Mulroney et Trudeau sont sur des chaises sur une scène et Mulroney se penche sur Trudeau pour lui parler
Le premier ministre Justin Trudeau et l’ancien premier ministre Brian Mulroney discutent pendant le Forum économique atlantique à l’Université St. Francis Xavier à Antigonish, N.-É., le 19 juin 2023. L’événement a été l’une des dernières fois où Brian Mulroney est apparu en public. La Presse canadienne/Darren Calabrese

Lors de l’un de ses derniers grands événements publics en juin 2023, Brian Mulroney s’est assis sur la scène avec Justin Trudeau à l’Université St. Francis Xavier, l’institution de Nouvelle-Écosse dont M. Mulroney est diplômé. Mulroney a fait l’éloge du premier ministre actuel, à tel point que Trudeau a déclaré : « C’est… embarrassant quand vous parlez de moi en des termes aussi élogieux ».

L’héritage de Mulroney laisse néanmoins perplexe. Il a été un homme politique charismatique qui a mené son parti à deux gouvernements majoritaires.

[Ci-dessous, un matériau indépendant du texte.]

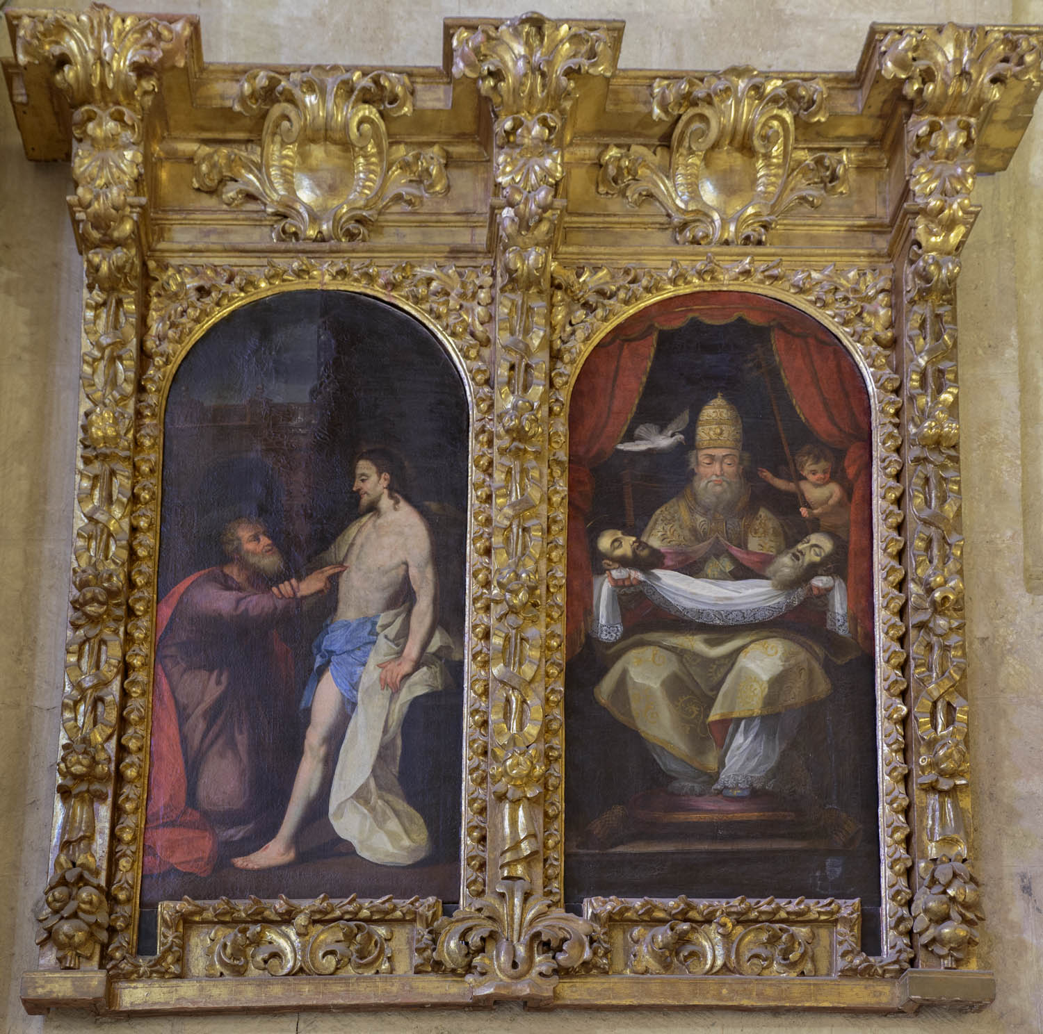 La ubicación que este altar tenía en el siglo XVIII puede verse claramente en los planos de 1741 y 1767, así como en un grabado del siglo XIX, en el que la configuración del retablo y las imágenes de sus lienzos no responden a la realidad (ver recurso). Actualmente, el retablo barroco de este altar, aislado, se encuentra en la posición que tenía tras la citada remodelación efectuada en el siglo XVIII. En él hay dos lienzos: en el de la izquierda se representa la Incredulidad de Santo Tomás, en el de la derecha está la figura del papa San Gregorio, asistido por el Espíritu Santo, en forma de paloma, exhibiendo las cabezas de los apóstoles San Pedro y San Pablo sobre un lienzo (ver recurso).
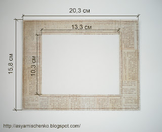 Из скрап-бумаги вырезаем прямоугольник и делаем в нём окошко следующего размера.

Il a aussi été un premier ministre qui a apporté des changements majeurs et durables à l’économie canadienne ainsi qu’un chef d’entreprise prospère avant et après ses années de politique.

Mais il a aussi été un premier ministre qui n’a pas réussi à mettre en place les réformes constitutionnelles qui semblaient à sa portée et un dirigeant qui a déclenché des perturbations politiques dans sa province d’origine. Ces bouleversements ont d’ailleurs encore un impact sur le paysage politique canadien des décennies après son départ.